Now that we have a project API key with credits, we can go ahead and prepare for the API interaction. 

## Install Required Libraries
To interact with the OpenAI API, we need to install three packages. 
* [openai](https://pypi.org/project/openai/)

The OpenAI Python library provides convenient access to the OpenAI API from applications written in the Python language. 

* [python-dotenv](https://pypi.org/project/python-dotenv/)

python-dotenv reads key-value pairs from a ```.env``` file and can set them as environment variables. 


In [None]:
### Install Libraries ###
%pip install --upgrade openai python-dotenv

In [None]:
### Import Libraries ###
from openai import OpenAI # import the OpenAI class from the openai library
from dotenv import load_dotenv # to load the API key 

In [None]:
import logging

# Set the httpx logger to only show WARNING and above
logging.getLogger("httpx").setLevel(logging.WARNING)

## Set the API key
Next, we will add the API key we generated before to the ```.env``` file in our working directory. 

In [None]:
# Assign the generated API key to a variable
OPENAI_API_KEY = " "  # copy-paste the class key here

In [None]:
# write the API key into the .env file
with open(".env", "w") as f: # open the .env file in write mode
    f.write(f"OPENAI_API_KEY={OPENAI_API_KEY}") # write the API key into the file

You might be wondering, where is the ```.env``` file? Note that files with names starting with a dot '.' are invisible. If you would like to confirm that we do have a ```.env``` file in our working directory, you can use a terminal command to do that.    

In [None]:
# list all files in the working directory, including the invisible files
!ls -a

If you would like to confirm further that the API key has been written into the ```.env``` file, you can open the file and read the content in it. 

In [None]:
# read the .env file
with open(".env", "r") as f: # open the .env file
    content = f.read() # read the content in the .env file
    print(content) # print out the content 

Next time you restart this notebook kernel (or open up a new notebook), the `openai` library will read the API key directly from your `.env` file. No need to specify the `api_key=` argument in `OpenAI()`.

# Making your first API call

The API calls can be found in the [OpenAI's tutorial](https://platform.openai.com/docs/api-reference/chat/create). Let's load the API key we stored in the ```.env``` file and use it to try a chat completion task. 

In [None]:
# load the API key and set the client to the OpenAI class
load_dotenv() # load the environment variables in the .env file, in our case, the API key
client = OpenAI() # create an OpenAI instance 

We can get a list of models available in the OpenAI API by running the following code. 

In [None]:
### get a list of all models in OpenAI API
models = client.models.list()
for model in models.data:
    print(model.id)

Let's try a simple chat completion task with gpt-4o-2024-08-06

In [None]:
# interact with the OpenAI API
# using a text completion task
completion = client.chat.completions.create(
    model="gpt-4o-2024-08-06", # set the model to gpt-4o-2024-08-06, you can try other models as well
    messages=[
        {
            "role": "system", # system message passed to the API, tell the LLM to be a role
            "content": "You are a helpful assistant.",
        },
        {
            "role": "user", # user prompt
            "content": "Explain what text classification is in ten or fewer words.",
        },
    ],
)

 As you can see, to prompt the API to do a chat completion task, we need to specify the values for some parameters. 
 
 * model

First of all, we need to specify which model we would like to use for this chat completion task. Here, we choose the model ```gpt-4o-2024-08-06```, but there are more available for you to try, as you can see from the list of models we've got above.

* messages
  
`messages` is a list of dictionaries containing the messages sent to the `model`. There are two kinds of messages we need to specify. First, a system message that specifies what role you would like the LLM to play. Second, a user message which functions as a prompt to the LLM. 

In [None]:
# see what's inside the completion variable
completion

In [None]:
# get the chat completion given by the LLM
completion.choices[0].message.content

Congratulations! You've just made your first API call! 

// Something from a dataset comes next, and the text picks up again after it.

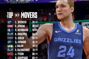 nba直播12月25日讯 今日,NBA 2K官方晒出了本次能力值涨幅Top10,具体如下: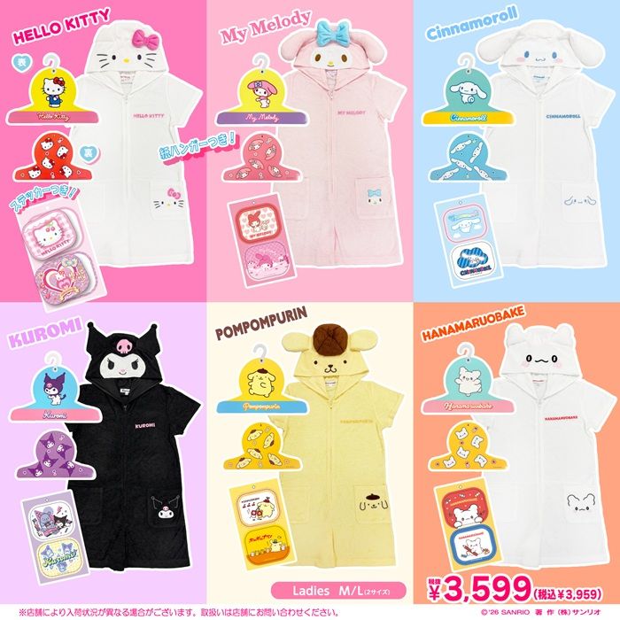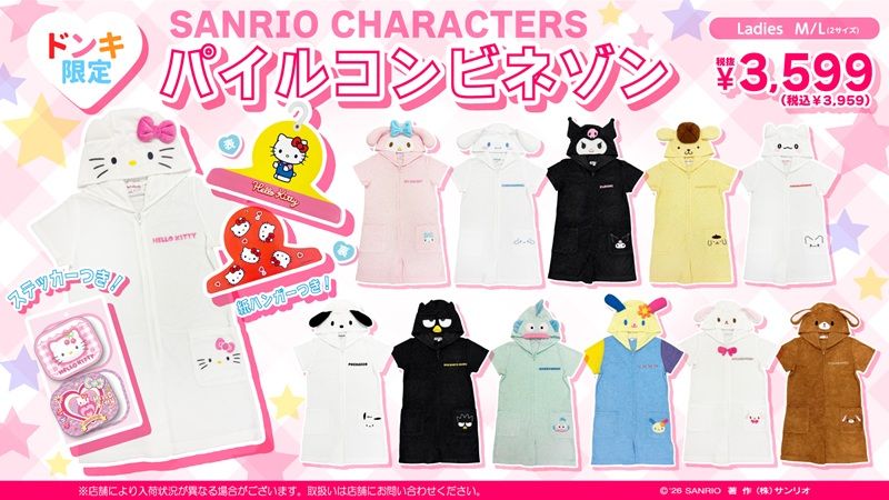 ドンキ『サンリオ コンビネゾン』2026年夏の種類、価格、最新の発売日まとめ!パイル素材、半袖パーカタイプで部屋着にもオススメ!レディース、キッズも!

## Changing the system message
As you can see, there are some variations we can get potentially by giving different values to the parameters in the ```client.chat.completions.create()``` function. Let's experiment with it some more by changing the system message. 

In [None]:
new_system_message = "You are a French tutor. Respond to all prompts in French followed by English in parentheses."
user_message = "Explain what text classification is in ten or fewer words."

In [None]:
# see how a different system message conditions a different output chat completion
completion = client.chat.completions.create(
    model="gpt-4o-2024-08-06",
    messages=[
        {"role": "system", "content": new_system_message},  # new system message
        {
            "role": "user",
            "content": user_message,  # same user message
        },
    ],
)

print(f"user: {user_message}")
print("-" * 80)
print(f"gpt-4o-2024-08-06: {completion.choices[0].message.content}")

This makes obvious how changing the `system` message impacts how the model responds to subsequent `user` prompts.

You might be wondering, what other roles are there available in the API? According to the documentation, there are three different roles in the Chat Completions API. 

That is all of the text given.